El presidente Donald J. Trump ha tomado un paso significativo para revitalizar y proteger la industria ganadera de Estados Unidos, firmando un nuevo decreto ejecutivo que busca implementar un enfoque coordinado entre diferentes agencias gubernamentales. La medida tiene como objetivo fortalecer la economía de los ganaderos y responder a los desafíos que enfrenta este sector crucial, el cual ha estado lidiando con una crisis de suministro de carne de res y regulaciones que muchos consideran perjudiciales.
Bajo el nuevo decreto, se encomienda a autoridades clave como el Secretario del Interior y el Comisionado de la Administración de Alimentos y Medicamentos realizar una revisión exhaustiva de todas las regulaciones y políticas que afectan a los ganaderos. Este análisis debe enfocarse en promover la viabilidad financiera de los rancheros y facilitar su acceso al mercado. Dentro de esta revisión, se considerará la posible eliminación o modificación de la lista de especies en peligro de extinción para el lobo gris y el lobo mexicano, permitiendo así a los ganaderos proteger mejor su ganado.

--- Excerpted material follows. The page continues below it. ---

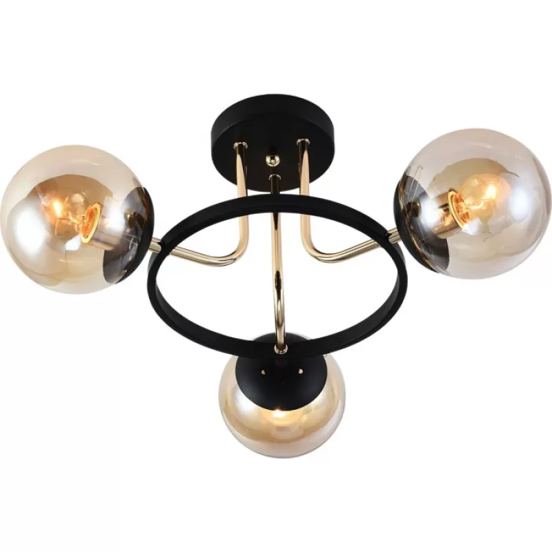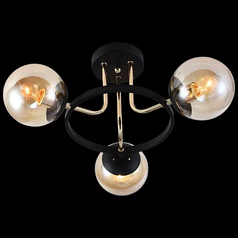 - Стеклянная потолочная люстра 01344-0.3-03 BK+FGD цвет янтарь форма шар

El presidente ha destacado que su administración busca brindar herramientas a los ganaderos para que puedan afrontar los desastres naturales y las interrupciones del mercado. Esta acción se presenta en un momento crítico, ya que la población de ganado en el país se encuentra en sus niveles más bajos en 75 años, mientras que la demanda de carne de res ha aumentado casi un 10% en la última década. La situación se ha visto agravada por condiciones climáticas adversas, como sequías y incendios forestales, que han limitado el acceso a pastos y alimentos para el ganado.
Trump ha criticado la administración de Biden por lo que considera un descuido hacia la agricultura estadounidense, citando regulaciones que dificultan la supervivencia de los rancheros. Entre las críticas se menciona un aumento en los costos de producción provocados por las políticas implementadas, que han dejado a muchos ganaderos luchando para mantenerse a flote.
A través de su nuevo enfoque, Trump también busca implementar medidas que reduzcan los precios para los consumidores al mismo tiempo que se protege y se fortalece a los productores locales. Su plan incluye revisar las políticas de etiquetado de origen para la carne de res, lo que podría inflar las oportunidades de mercado para los productos estadounidenses en casa y en el extranjero.
En un contexto donde los rancheros sienten la presión de las regulaciones y los cambios económicos, la administración busca restablecer la confianza en el sector primario. Desde el inicio de su gestión, Trump ha enfatizado su compromiso de defender a los productores locales, asegurando que las iniciativas y acciones impulsadas no solo beneficien a los ganaderos, sino que también fortalezcan la cadena de suministro alimentario del país en un panorama cada vez más incierto.
Mientras los rancheros consideran este decreto y su potencial impacto, la comunidad agrícola observa con atención, esperando que estas medidas no solo mitigen las crisis actuales, sino que también establezcan un camino sostenible hacia el futuro. En tiempos donde la producción nacional es vital, la dirección que tome la administración podría redefinir el paisaje agrícola estadounidense, generando esperanzas de un resurgimiento del sector ganadero.